Нам, кажется, хватило ума понять это если и не сразу, то быстро.

Адаптации очень помогла жившая в семье русская борзая Мята. Которая, кажется, умела все, кроме одного: говорить человеческим голосом. Ну представьте: ужин, все семейство за столом. Мята, как и подобает царской собаке, тут же. Ее длинная морда лежит на столешнице, глаза чувственно глядят в тарелки хозяев. Трехлетняя Настя вонзает вилку прямо в чувствительный собачий нос. Бедная Мята скулит, мать шлепком наказывает дочь, та — в крик... И тут собака вновь взвизгивает, оттесняет от ребенка жену, бросается лапами ей на плечи (они почти вровень) и, вылизывая щеки, «умоляет»: «Не наказывай Настю! Что с ребенка взять. Я не в обиде». Дворянка! Не грех бы и нам у собак поучиться.
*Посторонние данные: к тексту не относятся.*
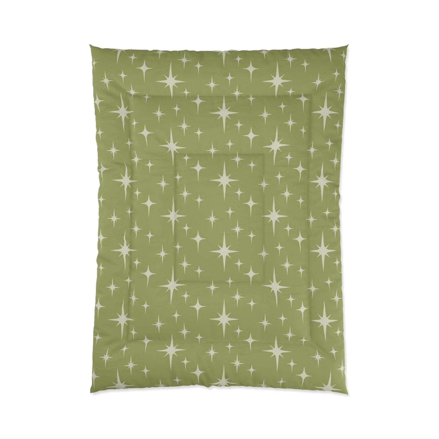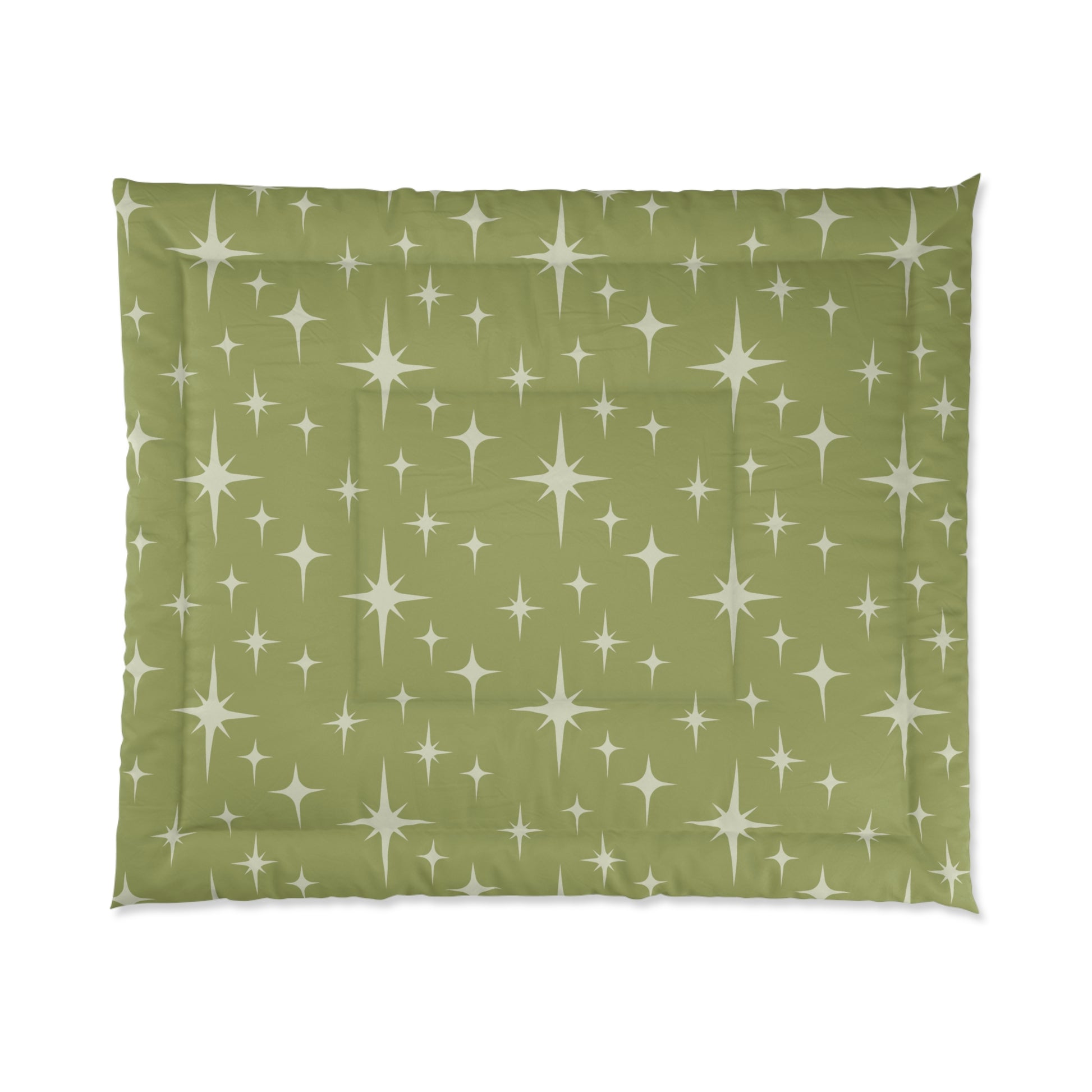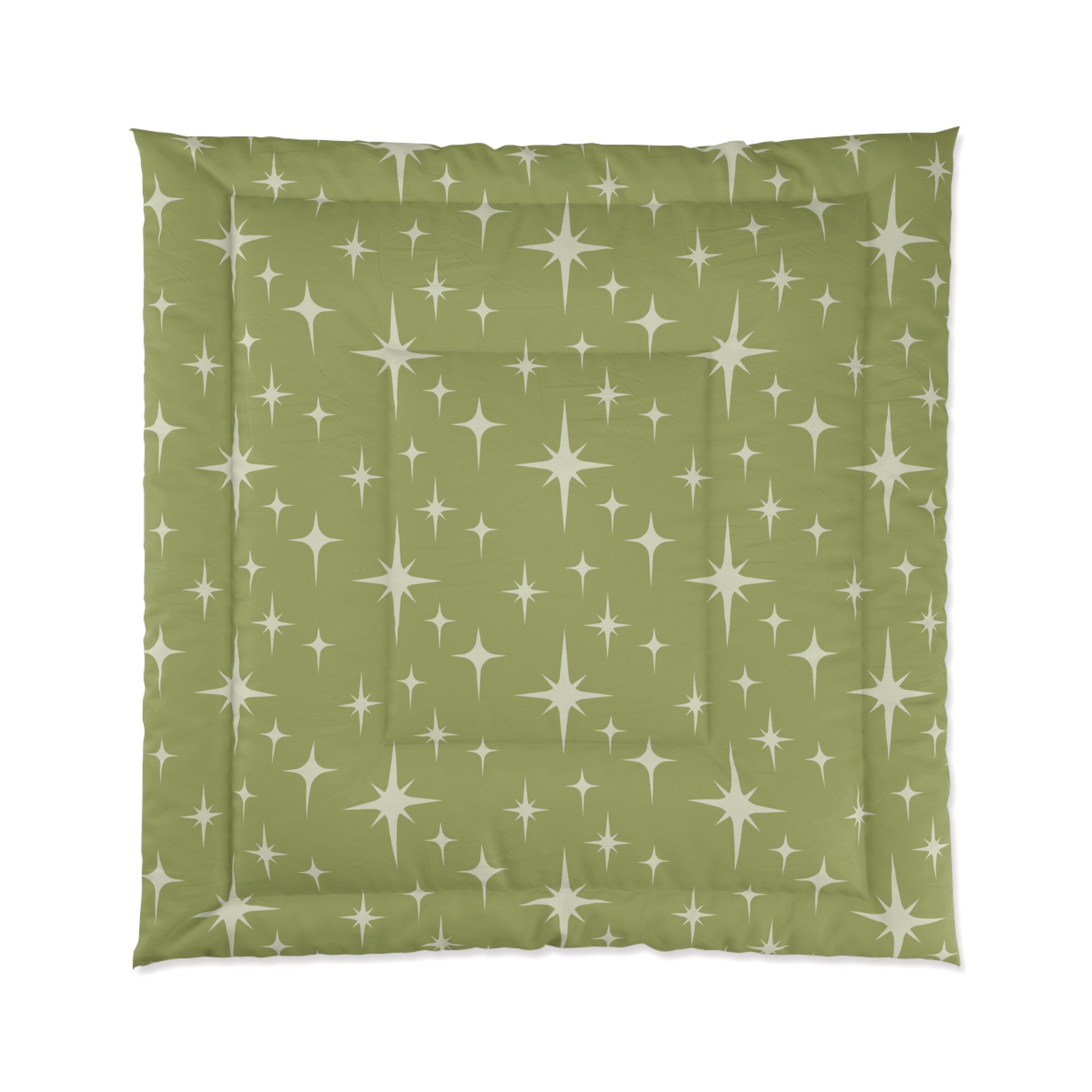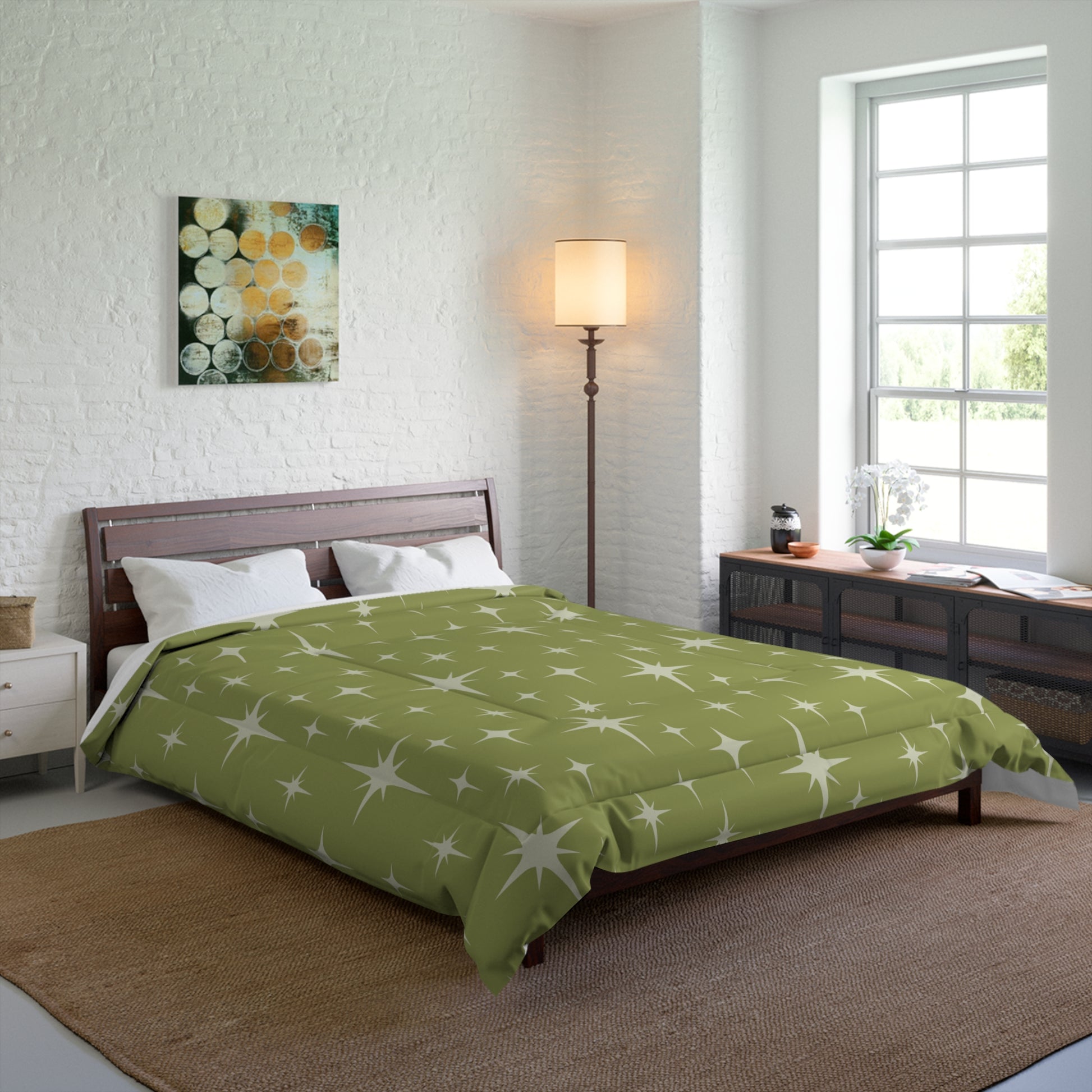 The chic atomic starburst design gives this lightweight comforter 1950's mid century style, with a chartreuse green color palette! This gorgeous comforter looks like it came right out of the mcm era, which is perfect for your retro aesthetic bedroom or guest room!

Словом, когда процессия — хозяйка, грациозная борзая на поводке у крохи (кто кого ведет!) — отправлялась на мини–рынок и по магазинам, это было зрелище. Иногда присоединялся я. Компания была не в меру шумной, но контактной и безобидной. Нас запомнили, стали дружелюбно здороваться и общаться.

А потом возникла наша Клумба. Подозреваю, что именно она примирила нас с окружением, сделала своими. Затея была жены, меня же многолетняя эпопея поначалу сильно тяготила. Клумба не просто родилась, но росла. Каждую весну жена добывала новые сорта цветов и требовала расширить границы. Ковыряться в земле не люблю, а пришлось перелопатить немалую площадь. Под слоем почвы обнаружился асфальт, когда–то окружавший дом. Я выкопал и вывез не одну кучу земли, извлек множество толстенных корней. Зато очень кстати для композиции оказался огромный замшелый пень... Участок земли, к которому прежде не питал никаких чувств (дача и даром не нужна!), стал мне ближе.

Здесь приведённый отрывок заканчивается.